Bleeping Computer drew attention to the STOP ransomware ransomware, which is one of the most active threats this year, along with Ryuk, GandCrab and Sodinkibi, according to the ID Ransomware service created by the renowned CSI expert Michael Gillespie.
The prevalence of STOP is also confirmed by the extremely active branch of the Bleeping Computer forum, where victims are looking for help. However, this encryptor is hardly mentioned or written about. The fact is that this smallvar attacks mainly pirate content lovers, visitors to suspicious sites and spreads as part of the advertising bundles.
Ransomware ID receives approximately 2,500 reports of ransomware attacks per day. And about 60-70% of them are reports of STOP encryption attacks, which leaves other extortionists far behind.

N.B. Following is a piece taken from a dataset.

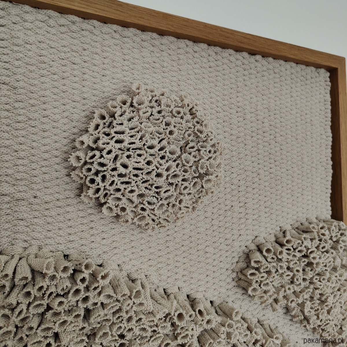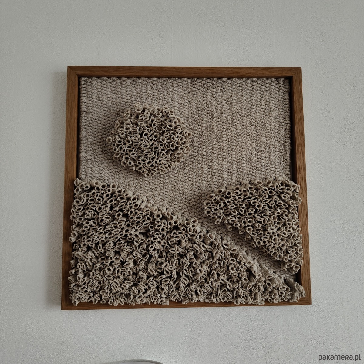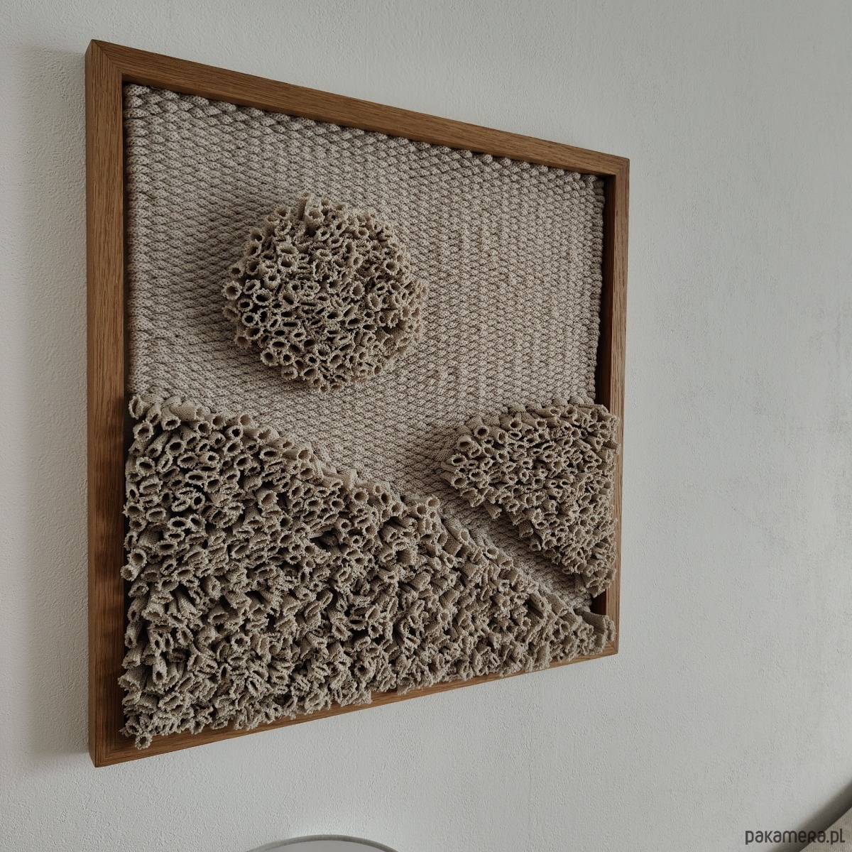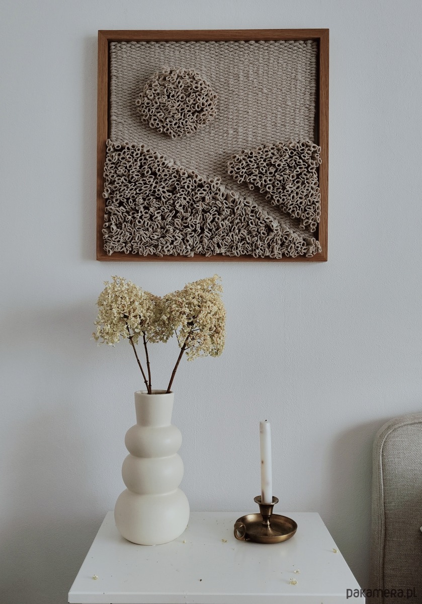 Ręcznie tkany gobelin zamknięty w ramie z litego drewna. Krajobraz z uproszczonej, symbolicznej formie. Połączenie naturalnych materiałów bawełny, włókna lnianego i drewna, w ciepłej minimalistycznej kolorystyce z bogatą teksturą daje oryginalną, przyciągającą wzrok dekorację.

Gillespie and experts Bleeping Computer note that the encryptor acts on the classic scheme: encrypts files, adds them a new extension and places on the infected machine a note with a demand for ransom (Malvar requires 490 dollars, but the amount doubles in 72 hours to $ 980). Odanko today there are more than 159 variants of STOP, which are known to researchers, and this variety significantly complicates the situation.
For example, Gillespie has made some progress in helping victims of data encryption to recover files, and created the STOPDecryptor tool, which includes standalone decryption keys used by the extortionist when he can’t contact the management server. The specialist has also been able to help a number of users whose machines have been encrypted using unique keys.
However, helping the victims was a difficult task: sometimes the ransomware authors released 3-4 versions a day, and thousands of people needed help at the same time. Also, as a result, STOP encryption has changed, and Gillespie can no longer offer help to all victims.
As a result, the Bleeping Computer forum’s help branch already has more than 500 pages, and desperate users will regularly forgive Gillespie for help on social networks. Thus, almost any researcher’s tweet instantly responds with pleas for help in decrypting files after the STOP attack.